DOMRADIO.DE: Neben dem weltberühmten Trevi-Brunnen geht die römische Barock-Kirche "Santi Vincenzo e Anastasio" leicht unter. Dabei ist das eine ganz besondere Kapelle. Darin werden nämlich die "praecordia", die Herzen der Päpste aufbewahrt. Wie kam es dazu?
Ulrich Nersinger (Vatikanjournalist und Buchautor): Dieser Brauch entstand Ende des 16. Jahrhunderts unter Papst Sixtus V. Der Quirinalspalast, der ja ganz in der Nähe ist, war ja auch eine der Residenzen der Päpste.
Man hatte diese kleine Kirche beim Trevi-Brunnen dann zur päpstlichen Pfarrkirche bestimmt. Später entstand der Brauch, das Herz und die Eingeweide eines Papstes dann dort in der Kirche beizusetzen.

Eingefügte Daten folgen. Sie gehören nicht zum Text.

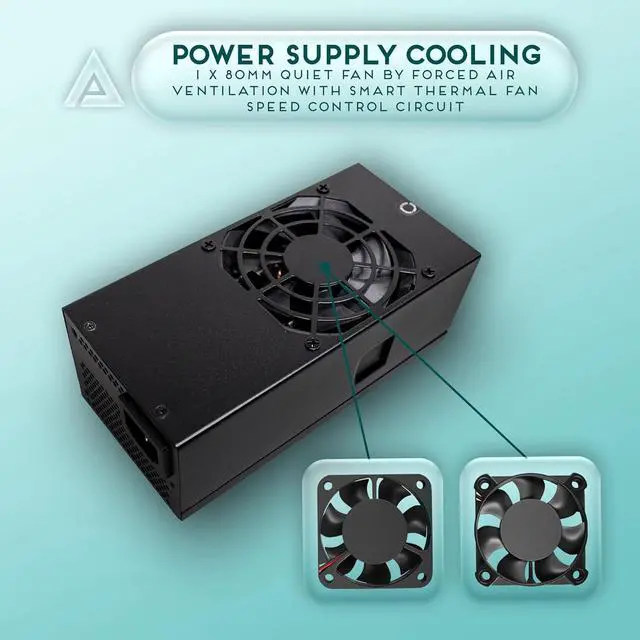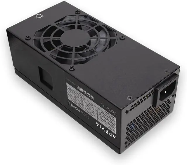 APEVIA TFX-PFC500W Standard 500W TFX Form Factor ATX Power Supply. Full Range Active PFC 90-264V. Maximum Power: 500W. Connectors: 1 x 20+4pin Main Power, 1 x 8pin 12V(P4+4), 2x 6+2 PCIE, 3 x SATA, 3 x 4pin Molex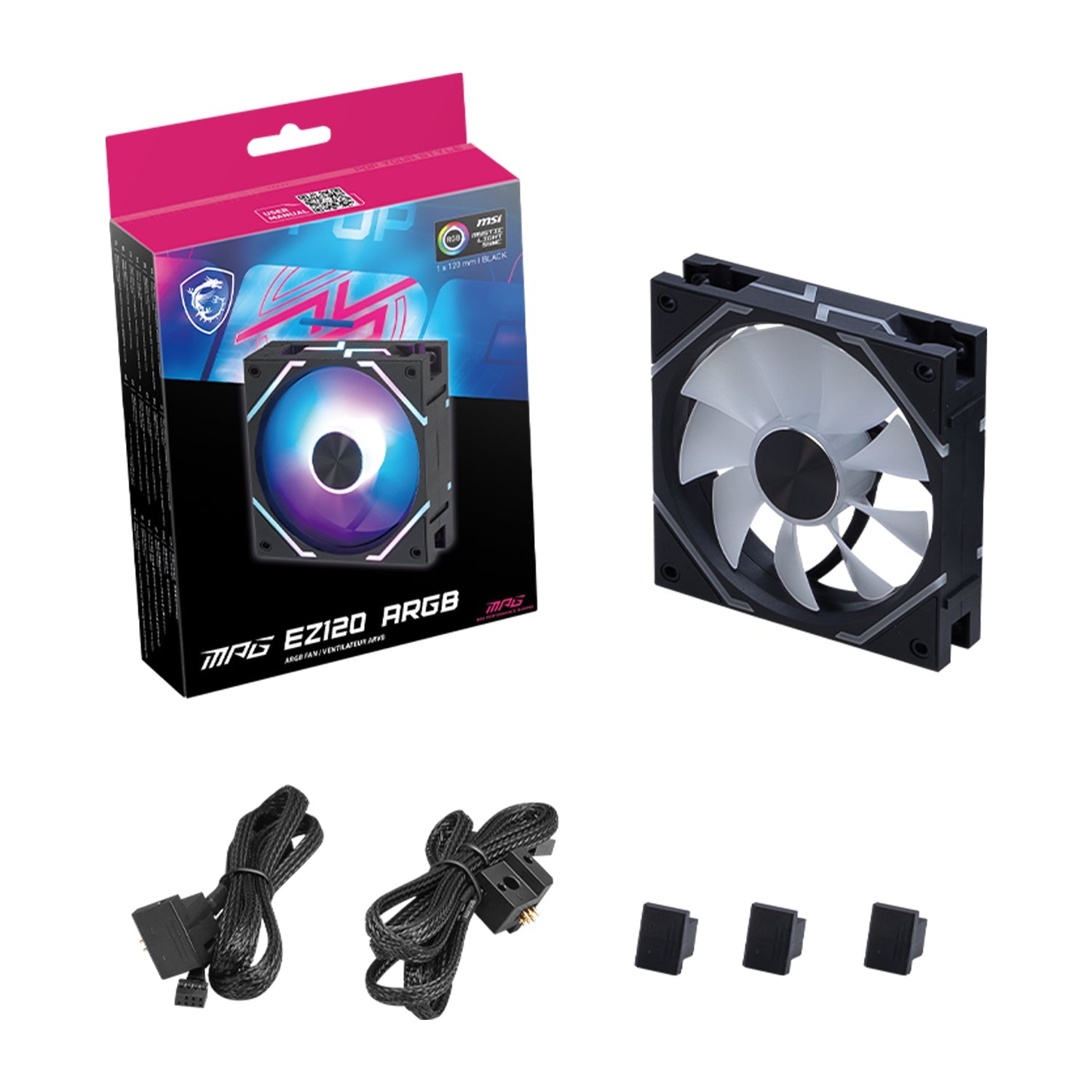 - MPG EZ120 ARGB-1B Fan / Black: The MPG EZ120 ARGB fan offers an easy assembly experience with magnetic block connections that simplify cable management. Sync RGB lighting with your motherboard or customize effects in MSI Center to showcase your style.

Warum das so war, weiß man nicht mit hundertprozentiger Sicherheit. Es gibt verschiedene Theorien. Eine führt uns zum Beispiel zurück in die Zeit der Pharaonen.
Im alten Ägypten war es Brauch, dass man den Verstorbenen, insbesondere den Pharaonen, die Herzen entnommen hat, weil man die Vorstellung hatte, dass nach dem Tod die Herzen gesondert vor ein Totengericht gestellt werden.
Natürlich wurde den Herzen auch eine besondere Verehrung entgegengebracht, und so ein bisschen muss sich dieser Brauch dann im Laufe der Zeit erhalten haben, auch bei den Päpsten.
Warum das erst im 16. Jahrhundert so richtig angekommen ist, weiß man auch nicht genau. Man hat also die Herzen und die Eingeweide der Päpste seither in dieser Kirche am Trevi-Brunnen beigesetzt.
DOMRADIO.DE: Wie genau kann man sich so eine Beisetzung denn vorstellen?
Nersinger: Der Beruf des päpstlichen Leibarztes endete ja nicht mit dem Tod des Papstes. Für gewöhnlich hatte er noch den Auftrag, dem Papst, nachdem man seinen Tod festgestellt hatte, die Eingeweide und besonders das Herz, zu entnehmen.
Die kamen dann in ein besonderes Zinkgefäß, wurden in einem speziellen Zeremoniell versiegelt und dann – vielleicht nicht still und heimlich, aber eben doch nicht allzu öffentlichkeitswirksam – von einem der päpstlichen Kammerherren in Begleitung eines Nobelgardisten in die Kirche gebracht und dort beigesetzt.
DOMRADIO.DE: Waren die Päpste denn damit einverstanden, dass sie dann teilweise auch außerhalb des Vatikans bestattet wurden?
Nersinger: Das war sogar teilweise ihr ausdrücklicher Wunsch gewesen – bis zum Jahre 1903. In diesem Jahr entschied der neue Papst Pius X., der ja auch ein Reform-Papst war, dass dieser Brauch nicht mehr durchgeführt werden sollte.
DOMRADIO.DE: Das heißt, diese Tradition wird nicht mehr fortgeführt.
Nersinger: Ja und nein. Wir haben einen seltsamen Bericht, den ich aber auch nicht verifizieren konnte. Es hieß nämlich einmal, dass nach der Operation von Johannes Paul II. – infolge des gegen ihn gerichteten Attentat – Blut von ihm und auch ein Teil seines Darms aufbewahrt worden sein soll.
Schließlich erzählte man sich dann in Rom, ein Teil dieses Darms sei auch in der Kirche am Trevi-Brunnen beigesetzt worden. Aber das lässt sich nicht beweisen.
Ich habe versucht, das irgendwie zu eruieren, aber das ist mir leider nicht gelungen. Im Grunde kann man also sagen, dass dieser alte Brauch im Jahre 1903 sein Ende gefunden hat.
DOMRADIO.DE: Erhält die Kirche denn viel touristische Aufmerksamkeit?
Nersinger: Eigentlich wäre die Kirche in der Tat ein spannendes Ziel für Touristen. Sie zu besuchen, gilt aber als gar nicht so einfache Angelegenheit.
Papst Johannes Paul II. hatte diese Kirche vorübergehend der bulgarisch-orthodoxen Kirche überlassen, damit sie dort ihre Gottesdienste feiern konnte. Sie ist also in gewisser Hinsicht ökumenisch geworden, deshalb ist sie nicht jederzeit zugänglich.
Wer aber die Chance hat, der Kirche einen Besuch abzustatten, wird die zwei großen Tafeln mit den Namen der Päpste, deren Eingeweide dort beigesetzt worden sind, entdecken, die noch Zeugnis von diesem außergewöhnlichen Brauch der "praecordia" geben.
Das Interview führte Michelle Olion.